A passionate celebrant of life on earth,
he nevertheless maintained a lifelong search
for a world beyond. This led him to various
kinds of mysticism, to folklore, theosophy,
spiritualism, and neoplatonism — not
in any strict chronological order, for he
kept returning to and reworking earlier aspects
of his thought.
An immersion in the poetry
of William Blake (1757–1827), whose Works (1893)

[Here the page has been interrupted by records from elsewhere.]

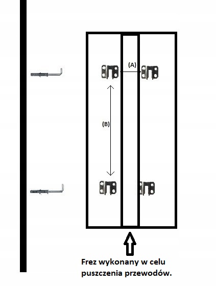 1. Підвіси слід прикрутити до кришки, встановивши ширину (A) відстані, необхідної для приховування бажаної кількості кабелів. Відстань (B) можна визначити вільно, однак вішалки не слід розташовувати занадто близько - рекомендується розташовувати їх у пропорції, подібній до зображеного на кресленні навпроти.
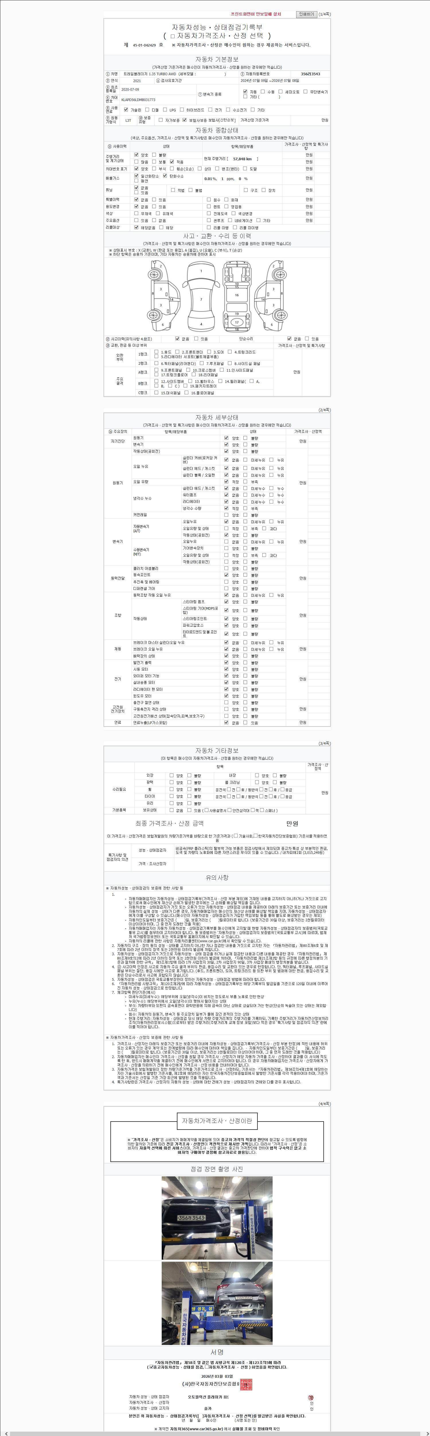 2. 차량 등록증이나 성능점검지 등을 상담자에게 요청및 확인하시고 사전에 미리 점검 하시기를 권유드립니다.
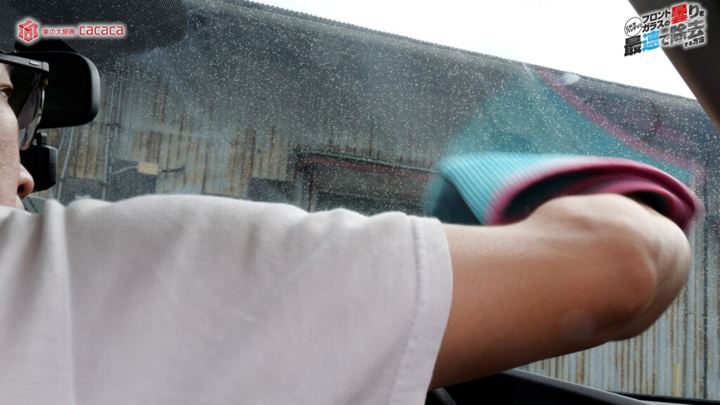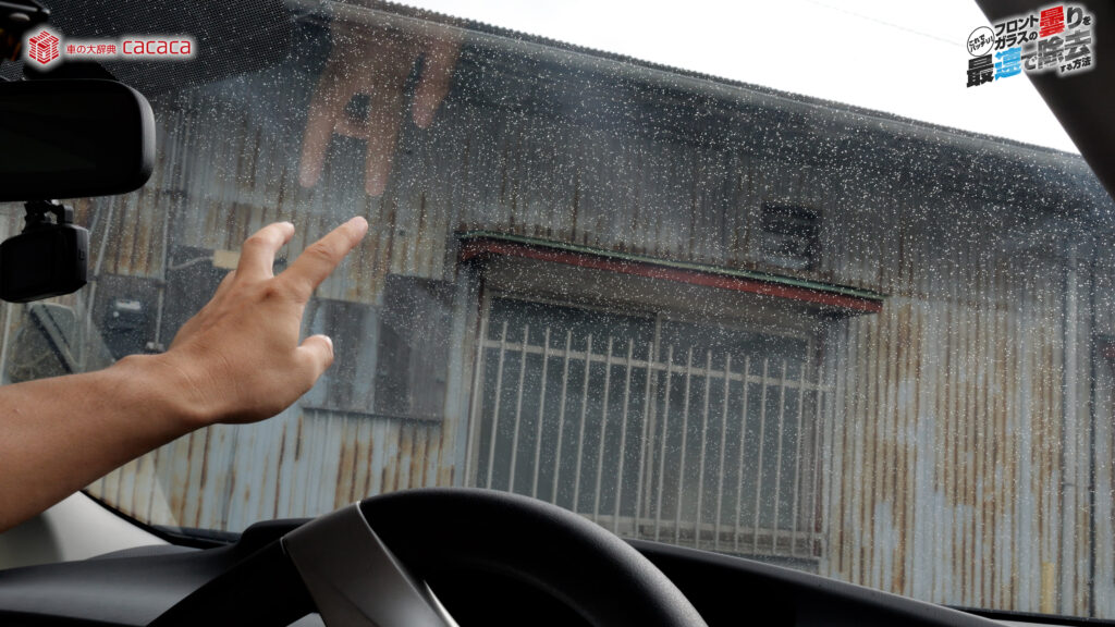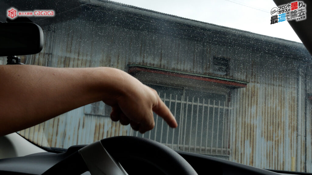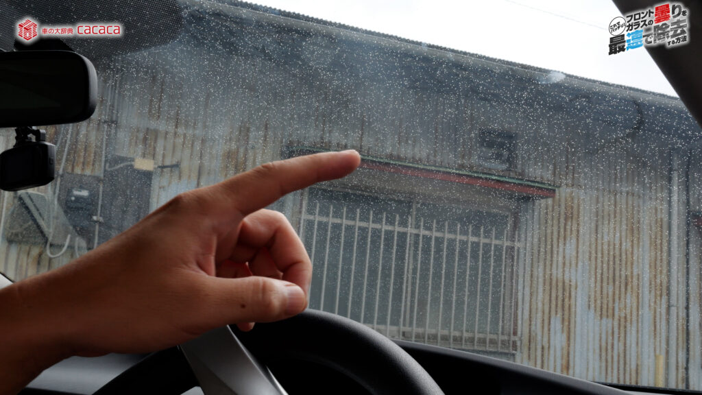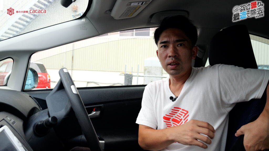 「どうして汚れるの?」って思いますよね?意外に、車に乗り降りしたり窓を開けたりすると、外から空気が入ってくるんです。その空気には、微量の油分なんかが含まれていて、それがガラスに付着して汚れちゃうんですよね。

he edited with Edwin Ellis, encouraged his
interest in apocalyptic literature, and,
in the 1890s, he himself wrote poems on apocalyptic
themes.
Yeats provided this note on
the poem "The Valley of the Black Pig":
All over Ireland there are
prophecies of the coming rout of the enemies
of Ireland, in a certain Valley of the
Black Pig, and these prophecies are, no
doubt, now, as they were in the Fenian
days, a political force. I have heard of
one man who would not give any money to
the Land League, because the Battle could
not be until the close of the century;
but, as a rule, periods of trouble bring
prophecies of its near coming. A few years
before my time, an old man who lived at
Lissadell, in Sligo, used to fall down
in a fit and rave out descriptions of the
Battle; and a man in Sligo has told me
that it will be so great a battle that
the horses shall go up to their fetlocks
in blood, and that their girths, when it
is over, will rot from their bellies for
lack of a hand to unbuckle them. If one
reads Rhys' Celtic Heathendom by
the light of Frazer's Golden Bough,
and puts together what one finds there
about the boar that killed Diarmuid, and
other old Celtic boars and sows, one sees
that the battle is mythological, and that
the Pig it is named from must be a type
of cold and winter doing battle with the
summer, or of death battling with life.
The Valley of the Black Pig
(1896)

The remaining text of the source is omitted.